Иэн вытер слезы, собравшиеся в уголках глаз, и вздохнул.

— Тебе не нужно беспокоиться о моей спине. Там будут Вески со своими товарищами, Лестер со своими, сэр Генри, сэр Уолтер.

— Не слишком полагайся на сэра Генри, — прошептала Элинор, борясь со слезами.

— Ты же не хочешь сказать, что сэр Генри попытается прикончить меня? — саркастически спросил Иэн.

— Нет, — Элинор выдавила из себя улыбку. — Не говори глупостей, но он просто слепнет от борьбы и не может держать в голове ничего, кроме боя, если уж в него ввязался.
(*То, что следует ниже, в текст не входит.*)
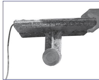
After cleaning the face of the transducer
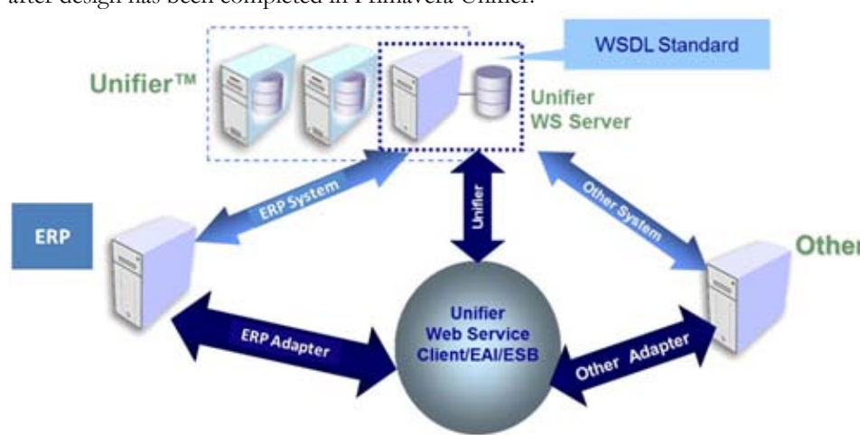
Figure 2. Web services architecture

Он не сможет охранять тебя.

Между слов она думала о том, что ей еще нужно передать сэру Генри, чтобы он понаблюдал особенно за сэром ФицУолтером и его подельниками. Потом она поняла, что больше не может сдерживать свои страхи. Она подошла к Иэну и взяла его за руки.

— Пойдем спать, Иэн, — прошептала она. — Мне так холодно.

Он почувствовал лед ее рук даже через бархатные рукава и не стал возражать, что еще слишком рано или что долгая ночь любовных утех — не лучший способ подготовки воина к битве. Он поднял Элинор на руки и понес в постель.